What happens if the semi-connection queue is exhausted? We can still find the answer in the kernel. In tcp_conn_request(), we can see the following paragraph:

 if (!want_cookie && !isn) { /* Kill the following clause, if you dislike this way. */ if (!net->ipv4.sysctl_tcp_syncookies && (net->ipv4.sysctl_max_syn_backlog - inet_csk_reqsk_queue_len(sk) < (net->ipv4.sysctl_max_syn_backlog >> 2)) && !tcp_peer_is_proven(req, dst)) { /* Without syncookies last quarter of * backlog is filled with destinations, * proven to be alive. * It means that we continue to communicate * to destinations, already remembered * to the moment of synflood. */ pr_drop_req(req, ntohs(tcp_hdr(skb)->source), rsk_ops->family); goto drop_and_release; } isn = af_ops->init_seq(skb); }

Here are some related concepts:

  • What is a syncookie?
  • What is inet_csk_reqsk_queue_len(sk)?

We will discuss the syncookie mechanism in detail later. Here, we only need to know this conclusion: when syncookie is enabled, the semi-connection queue can be considered to have no upper limit. From the definition of inet_csk_reqsk_queue_len, we can know that it checks the qlen in the request_sock_queue structure. The structure definition is as follows:

 /* * For a TCP Fast Open listener - * lock - protects the access to all the reqsk, which is co-owned by * the listener and the child socket. * qlen - pending TFO requests (still in TCP_SYN_RECV). * max_qlen - max TFO reqs allowed before TFO is disabled. * * XXX (TFO) - ideally these fields can be made as part of "listen_sock" * structure above. But there is some implementation difficulty due to * listen_sock being part of request_sock_queue hence will be freed when * a listener is stopped.

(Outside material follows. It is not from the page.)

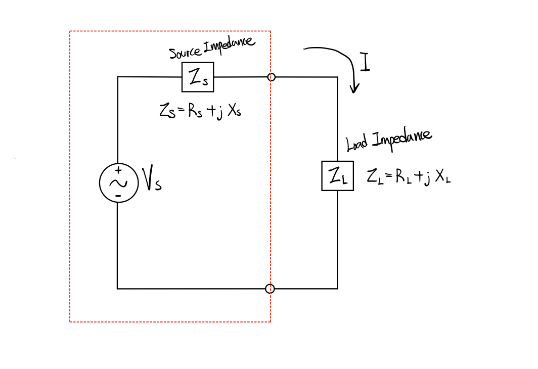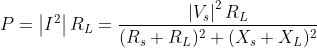 이럴 경우 최대 전력이 어떻게 전달될지 한번 다시 계산해보면 \(\small R_{L}=\sqrt{R_{s}^{2}+(X_{s}+X_{L})^{2}}\) 조건을 갖게 됩니다.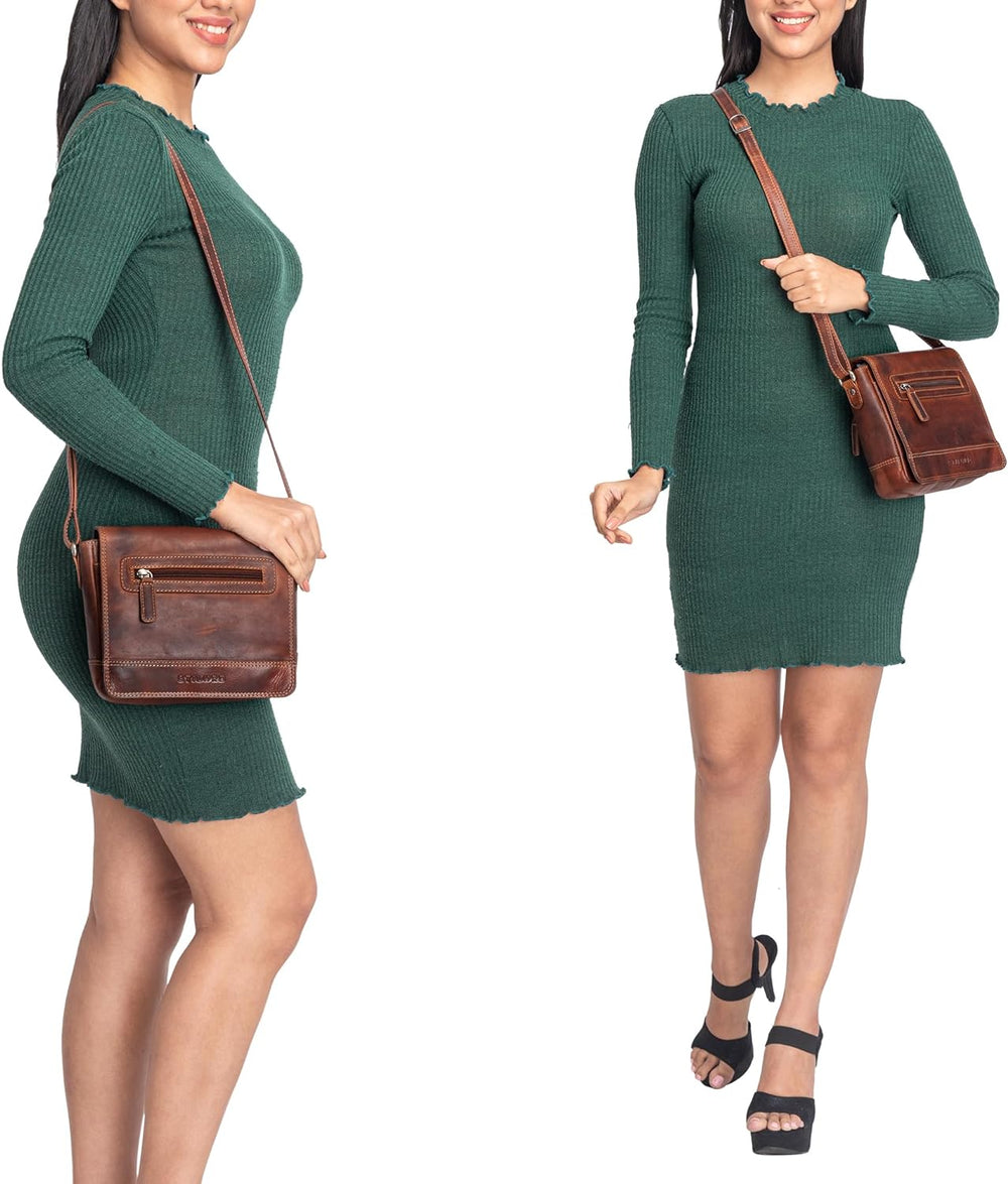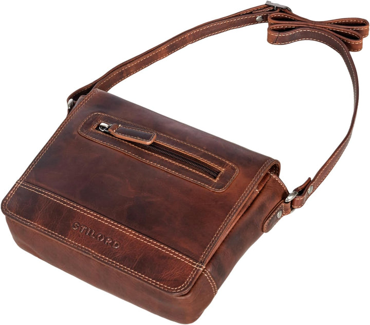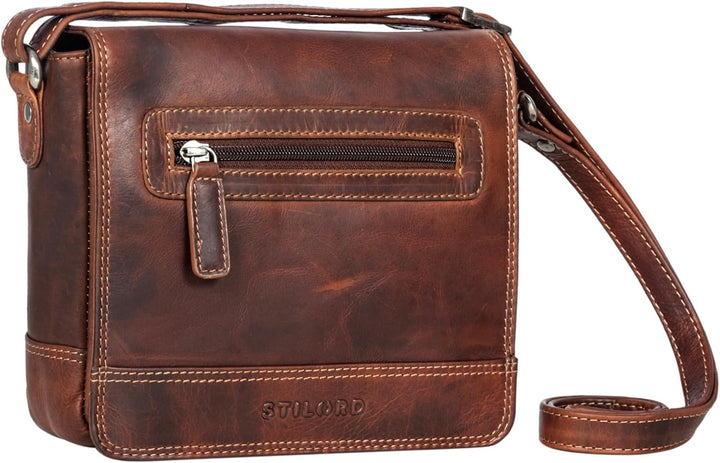 - Abmessungen: (LxBxH) 21 x 6 x 20 cm | Modell: Edith | Material: echtes Leder | Lederart: Rindsleder | Gewicht: 450 Gramm | Hersteller: STILORD | Aufteilung: 1x grosses Hauptfach mit Einsteckfach für Smartphones | 1x kleines Reissverschlussfach im

But TFO related fields may continue to be * accessed even after a listener is closed, until its sk_refcnt drops * to 0 implying no more outstanding TFO reqs. One solution is to keep * listen_opt around until sk_refcnt drops to 0. But there is some other * complexity that needs to be resolved. Eg, a listener can be disabled * temporarily through shutdown()->tcp_disconnect(), and re-enabled later. */ struct fastopen_queue { struct request_sock *rskq_rst_head; /* Keep track of past TFO */ struct request_sock *rskq_rst_tail; /* requests that caused RST. * This is part of the defense * against spoofing attack. */ spinlock_t lock; int qlen; /* # of pending (TCP_SYN_RECV) reqs */ int max_qlen; /* != 0 iff TFO is currently enabled */ struct tcp_fastopen_context __rcu *ctx; /* cipher context for cookie */ }; /** struct request_sock_queue - queue of request_socks * * @rskq_accept_head - FIFO head of established children * @rskq_accept_tail - FIFO tail of established children * @rskq_defer_accept - User waits for some data after accept() * */ struct request_sock_queue { spinlock_t rskq_lock; u8 rskq_defer_accept; u32 synflood_warned; atomic_t qlen; atomic_t young; struct request_sock *rskq_accept_head; struct request_sock *rskq_accept_tail; struct fastopen_queue fastopenq; /* Check max_qlen != 0 to determine * if TFO is enabled. */ };

Here comes a new concept: TFO - TCP Fast Open, which we will skip here and discuss later. The qlen in this structure will increase after the tcp_conn_request() function is executed:

 if (fastopen_sk) { af_ops->send_synack(fastopen_sk, dst, &fl, req, &foc, TCP_SYNACK_FASTOPEN); /* Add the child socket directly into the accept queue */ if (!inet_csk_reqsk_queue_add(sk, req, fastopen_sk)) { reqsk_fastopen_remove(fastopen_sk, req, false); bh_unlock_sock(fastopen_sk); sock_put(fastopen_sk); goto drop_and_free; } sk->sk_data_ready(sk); bh_unlock_sock(fastopen_sk); sock_put(fastopen_sk); } else { tcp_rsk(req)->tfo_listener = false; if (!want_cookie) inet_csk_reqsk_queue_hash_add(sk, req, tcp_timeout_init((struct sock *)req)); af_ops->send_synack(sk, dst, &fl, req, &foc, !want_cookie ? TCP_SYNACK_NORMAL : TCP_SYNACK_COOKIE); if (want_cookie) { reqsk_free(req); return 0; } }

It can be understood that qlen is the current length of the semi-connected queue of the server's listen port. So this paragraph can be understood as:

 if (!net->ipv4.sysctl_tcp_syncookies && (net->ipv4.sysctl_max_syn_backlog - inet_csk_reqsk_queue_len(sk) < (net->ipv4.sysctl_max_syn_backlog >> 2)) && !tcp_peer_is_proven(req, dst)) {

When syncookie is not enabled, if the remaining length of the current half-connection pool is less than one-quarter of the maximum length, no new connection requests will be processed. This is the principle of the famous synflood attack:

For a server without the syncookie function, any client can fill up the server's semi-connection pool by constructing an incomplete three-way handshake process, sending only SYN and not returning the ACK of the third handshake, causing the server to be unable to establish a new TCP connection with any client.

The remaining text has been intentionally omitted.